# Task objective
The listing below holds a line with "Jardineira Copa do" and a line with "Koszulka dziecięca Czerwony". Reproduce those two lines exactly, plus everything between them.

# Source records

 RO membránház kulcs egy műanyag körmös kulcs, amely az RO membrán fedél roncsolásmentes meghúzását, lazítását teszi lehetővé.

...

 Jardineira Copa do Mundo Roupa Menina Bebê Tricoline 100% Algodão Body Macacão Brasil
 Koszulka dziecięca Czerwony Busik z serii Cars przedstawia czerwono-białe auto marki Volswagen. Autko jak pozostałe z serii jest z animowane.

...

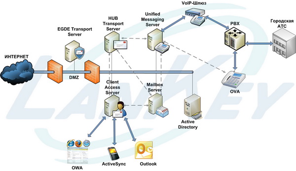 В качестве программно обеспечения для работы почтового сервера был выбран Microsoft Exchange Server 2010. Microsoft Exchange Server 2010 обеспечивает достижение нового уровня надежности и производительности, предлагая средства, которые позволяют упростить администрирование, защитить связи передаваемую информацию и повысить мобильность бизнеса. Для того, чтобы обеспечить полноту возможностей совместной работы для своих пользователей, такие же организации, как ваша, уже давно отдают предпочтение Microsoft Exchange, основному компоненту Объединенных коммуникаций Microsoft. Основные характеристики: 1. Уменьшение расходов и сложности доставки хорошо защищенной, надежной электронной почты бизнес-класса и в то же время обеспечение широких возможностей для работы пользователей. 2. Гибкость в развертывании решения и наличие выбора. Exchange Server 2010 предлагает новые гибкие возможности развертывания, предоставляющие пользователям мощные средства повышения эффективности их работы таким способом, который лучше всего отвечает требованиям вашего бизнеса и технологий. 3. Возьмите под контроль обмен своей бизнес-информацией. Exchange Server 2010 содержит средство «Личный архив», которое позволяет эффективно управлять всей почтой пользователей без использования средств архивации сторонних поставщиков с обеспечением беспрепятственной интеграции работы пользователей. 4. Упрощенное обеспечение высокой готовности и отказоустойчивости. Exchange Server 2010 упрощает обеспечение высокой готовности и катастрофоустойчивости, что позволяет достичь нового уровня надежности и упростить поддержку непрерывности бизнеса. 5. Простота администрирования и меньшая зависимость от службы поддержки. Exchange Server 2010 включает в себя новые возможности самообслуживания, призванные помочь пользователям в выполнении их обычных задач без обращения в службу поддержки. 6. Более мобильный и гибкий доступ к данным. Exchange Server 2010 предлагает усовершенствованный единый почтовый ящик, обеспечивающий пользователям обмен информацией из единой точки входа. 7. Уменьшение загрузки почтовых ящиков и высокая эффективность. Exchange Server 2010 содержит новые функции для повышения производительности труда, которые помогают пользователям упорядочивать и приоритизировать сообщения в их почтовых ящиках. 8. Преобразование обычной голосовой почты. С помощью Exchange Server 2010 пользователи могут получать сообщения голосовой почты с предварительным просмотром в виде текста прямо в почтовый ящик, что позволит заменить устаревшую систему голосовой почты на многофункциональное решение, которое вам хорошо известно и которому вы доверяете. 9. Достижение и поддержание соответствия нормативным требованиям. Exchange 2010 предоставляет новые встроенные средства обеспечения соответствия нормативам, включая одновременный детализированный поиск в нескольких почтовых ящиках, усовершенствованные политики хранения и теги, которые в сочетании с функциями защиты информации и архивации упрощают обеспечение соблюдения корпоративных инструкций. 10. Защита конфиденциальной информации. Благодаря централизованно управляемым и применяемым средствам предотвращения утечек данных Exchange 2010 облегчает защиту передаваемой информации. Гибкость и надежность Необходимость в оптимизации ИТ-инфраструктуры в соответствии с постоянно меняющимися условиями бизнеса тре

# Written answer
 Jardineira Copa do Mundo Roupa Menina Bebê Tricoline 100% Algodão Body Macacão Brasil
 Koszulka dziecięca Czerwony Busik z serii Cars przedstawia czerwono-białe auto marki Volswagen. Autko jak pozostałe z serii jest z animowane.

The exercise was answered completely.